Below are lines of records; copy exactly those from the one containing "Rejäl skinngrupp med" through the one containing "天気も良く、アメリカの大地、", leaving the pictures behind.

*** Opening Listed entries ***

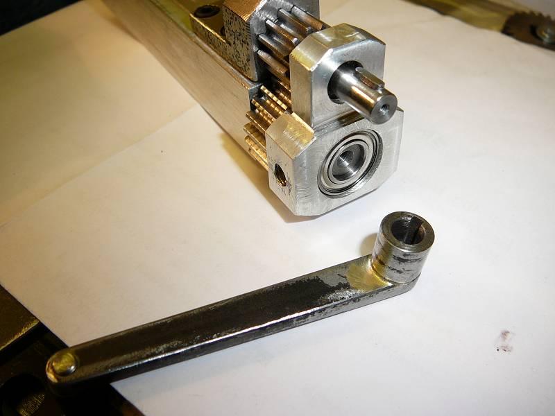 Die Handkurbel wurde ebenfalls aus dem 4mm Stahlblech gefertigt, Dazu habe ich dann eine Buchse für die kleinere Zahnradwelle gedreht und mit einer 2mm-Nut versehen. Anschließend wurden beide Teile hart vertlötet. Ein Handgriff ergab sich aus einer Kunststoffrolle mit einer modifizierten M4-Schraube.
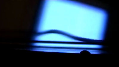 came across weird phenomenon on accident.. an open E played on a guitar in front of a computer monitor operating at an 85Hz refresh rate allows you to "see" the vibration of the string as a perfect sine wave. Of course, upon seeing this phenomenon I had a great urge to share it with other people, so I made a little video. Click on the image below to see the video (it is a 900KB quicktime movie). I also noticed that a refresh rate of 72Hz works pretty well for the D string.
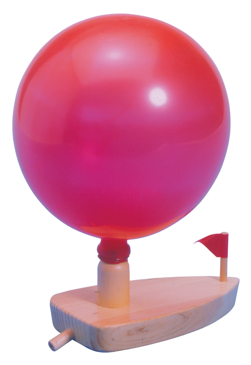 Denne træbåd drives frem af luften i ballonen. Sæt gang i dit barns nysgerrighed og forståelse for vindkraft og årsag-virkning. Lad dit barn være med til at puste ballonen op - det er god træning af mundmotorikken, som skal bruges til at fløjte og udtale forskellige ord.Eller pust ballonen op selv, sæt den på båden og se båden futte afsted - fx i badekarret, hvor den måske kan distrahere dit barn, mens du fyrer shampoo i håret og får det skyllet ud i en fart.
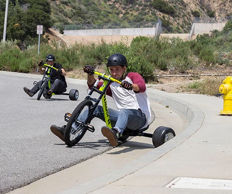 There you are. You and your friends, staring at the sickest downhill ride of all time. If only you had a drift trike that’s as extreme as you are. Well, you’re in luck. The Razor DXT with its moto-style steel construction and 10” slick rear wheels built for edge-of-your-seat downhill drifting in the straightaways while handling the tightest of curves. With the DXT your downhill racing just got way more radical.
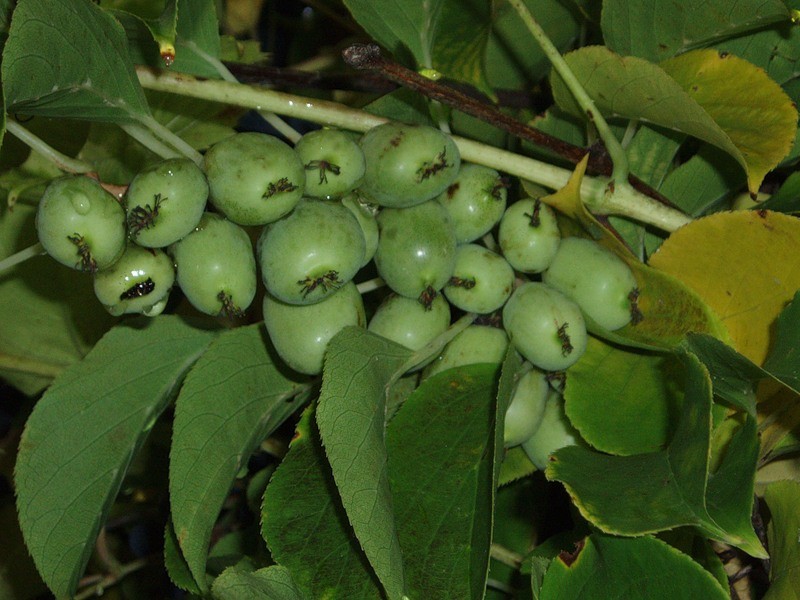Актинидия Приусадебная - лиана относительно зимостойкая, средне - сильнорослая, раннего срока созревания (середина августа – начало сентября). Плоды крупные (средняя масса 2,28 г, максимальная - 3,5 г), изящные, удлинено – цилиндрической формы, оливково -зеленые, кисло- сладкие с фруктовым ароматом, осыпаются при перезревании. Листья – некрупные, округлые, зеленые, краснеющие к осени. Урожайность средняя – 1,0 – 2,1 кг/куст
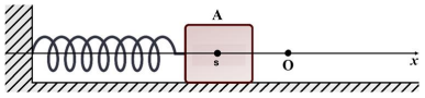 Trong hình vẽ sau đây, khi kéo ra khỏi vị trí cân bằng ở điểm O và buông tay, lực đàn hồi của lò xo khiến vật A gắn ở đầu của lò xo dao động quanh O. Tọa độ s (centimét) của A trên trục Ox vào thời điểm t (giây) sau khi buông tay được xác định bởi công thức $s = 10\sin\left( {10t - \dfrac{\pi}{2}} \right)$.
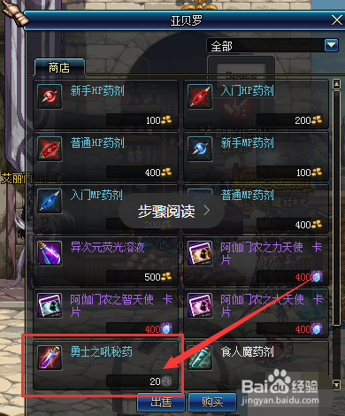 打开商铺采办勇士之吼秘药,每个20无色小晶块。
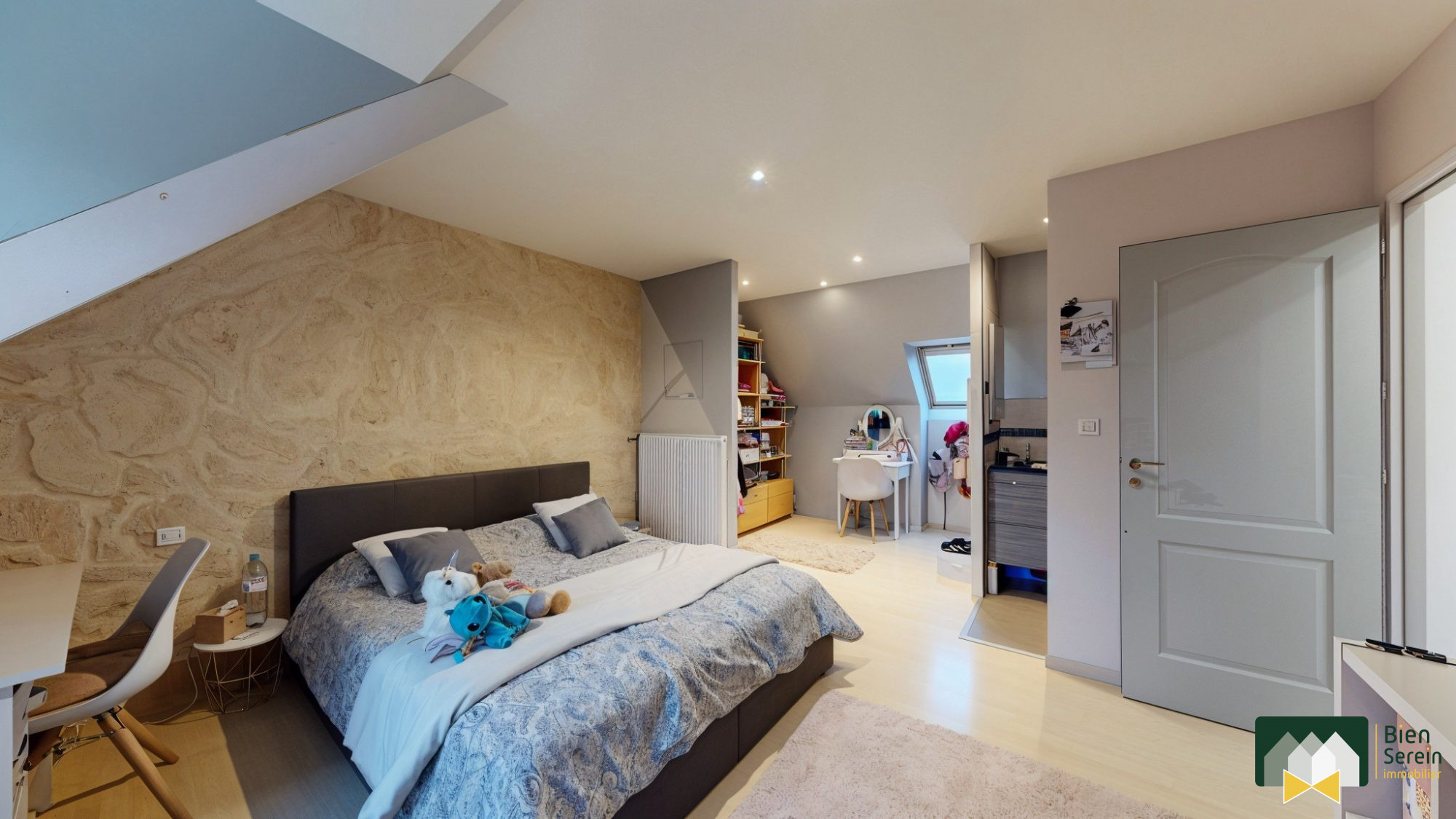 ...À l'étage : 2 chambres, dressing, salle de bains avec baignoire et douche, wc, rangement...
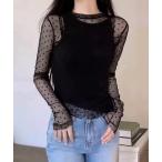 tシャツ ドット柄シアートップス チュールインナー レディース
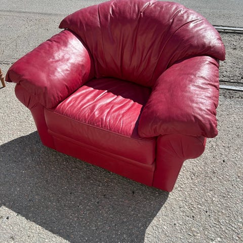 Rejäl skinngrupp med tjockt skinn i alla delar. Gjord i Finland, tyvärr är 2 sittdynor något solblekta.
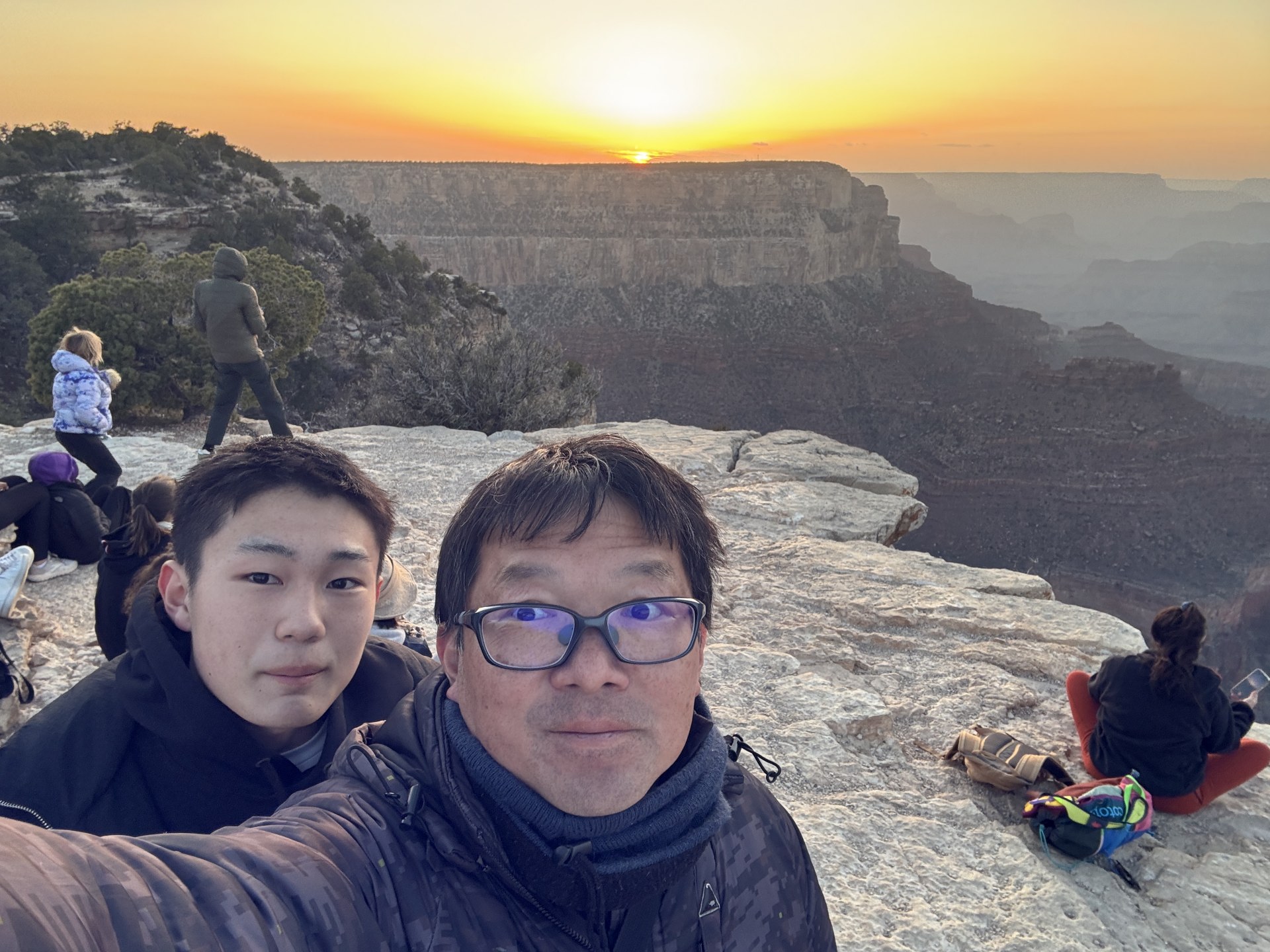 天気も良く、アメリカの大地、グランドキャニオンに沈む美しい夕陽を拝むことができた。
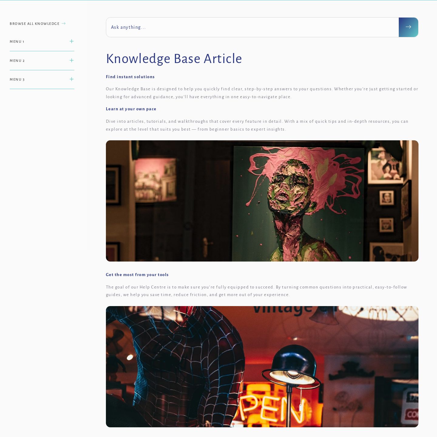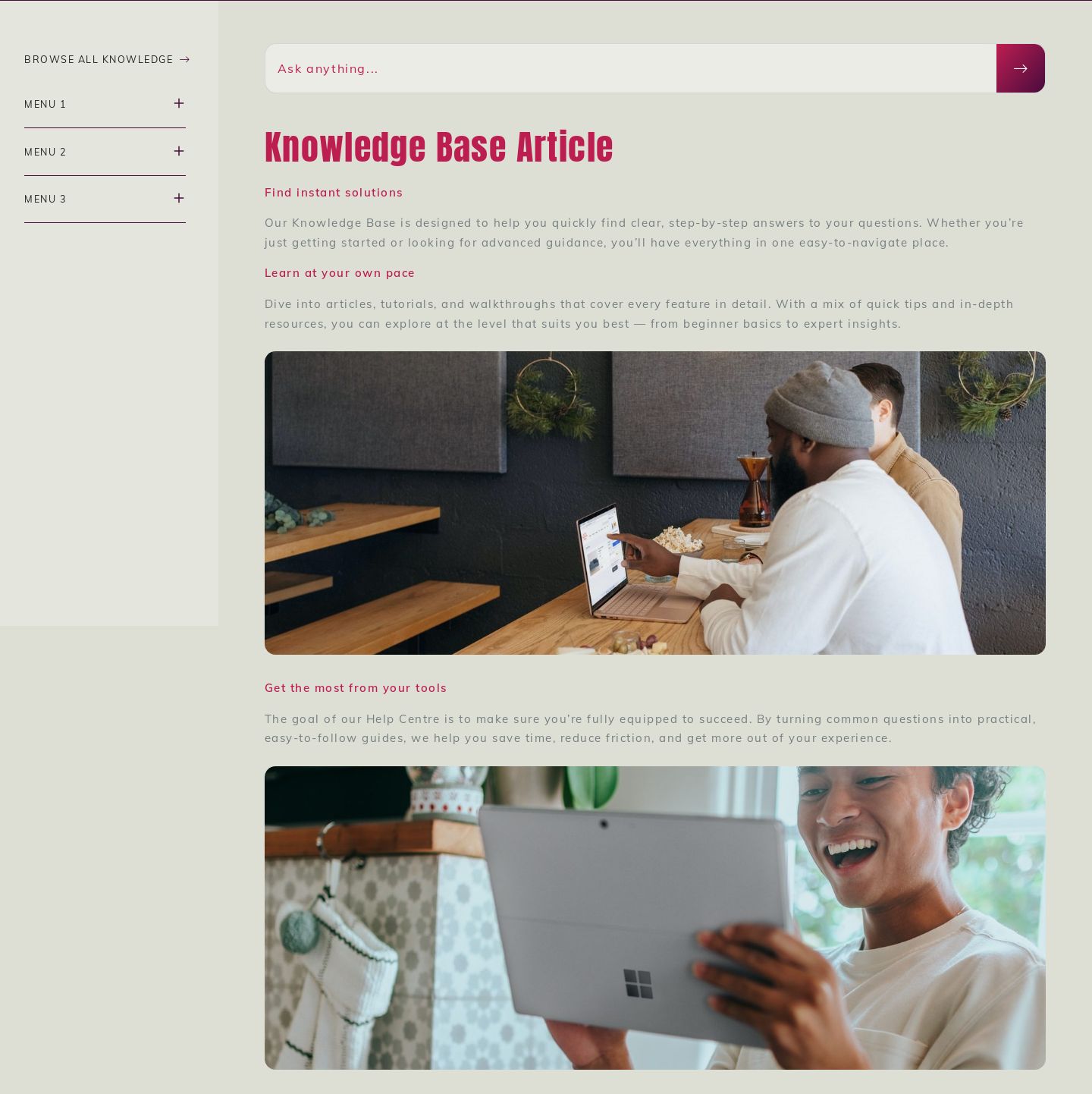 Kamoze utilises complex Layouts to give a feeling of a completely customised website design. Structured grids are intended for more advanced website designers to dive deeper and explore the more granular controls of MOBLE's visual web page editor. Kamoze guides your customers through Layouts with a dominant one third left side column, that alternates your primary colours with gradients and shift effects.

*** Closing Listed entries ***

**Exercise result:**
 Rejäl skinngrupp med tjockt skinn i alla delar. Gjord i Finland, tyvärr är 2 sittdynor något solblekta.
 天気も良く、アメリカの大地、グランドキャニオンに沈む美しい夕陽を拝むことができた。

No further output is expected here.